All the horrible "clippy" scenarios involve ONE AI that becomes super
intelligent (and therefore powerful -- another fallacy) without any similarly
intelligent and powerful entities around it. Instead we'll have incremental
progress and if we ever do get super intelligent (but probably not super
powerful) machines they'll be embedded in an ecology of other machines nearly
as intelligent and quite likely more powerful.

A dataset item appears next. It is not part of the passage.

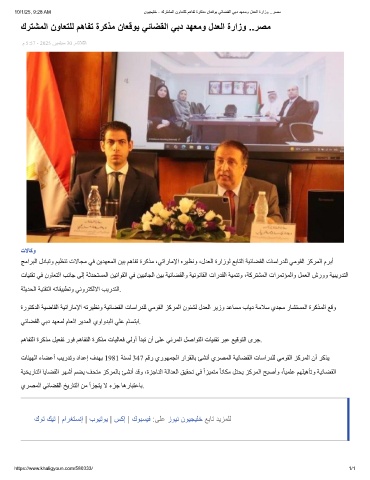 10/1/25, 9:28 AM نوﯾﺟﯾﻠﺧ - كرﺗﺷﻣﻟا نوﺎﻌﺗﻠﻟ مھﺎﻔﺗ ةرﻛذﻣ نﺎﻌﻗوﯾ ﻲﺋﺎﺿﻘﻟا ﻲﺑد دﮭﻌﻣو لدﻌﻟا ةرازو ..رﺻﻣ

I'm not saying this doesn't pose risks, but they aren't the risks that the AGI
threat folks are studying.

------
pottspotts
This article only confirms Elon Musk's fears. "Decades away" and "only need to
worry about the people behind it".

Well, yeah.

------
deepsearch
I've observed that there a few good examples of what it actually is.

------
mindcrime
Very well said. Even if we achieve a full-fledged AGI, it would be a mistake
to anthropomorphize it and assign it human-like intentions, desires and
behavior - unless somebody explicitly programmed it that way. The idea of an
"evil" AI seems downright silly to me.

That's not to say that an AI could never be dangerous in some scenario, but
the "demon" comparisons and other recent hyperbole are, IMO, a bit misplaced.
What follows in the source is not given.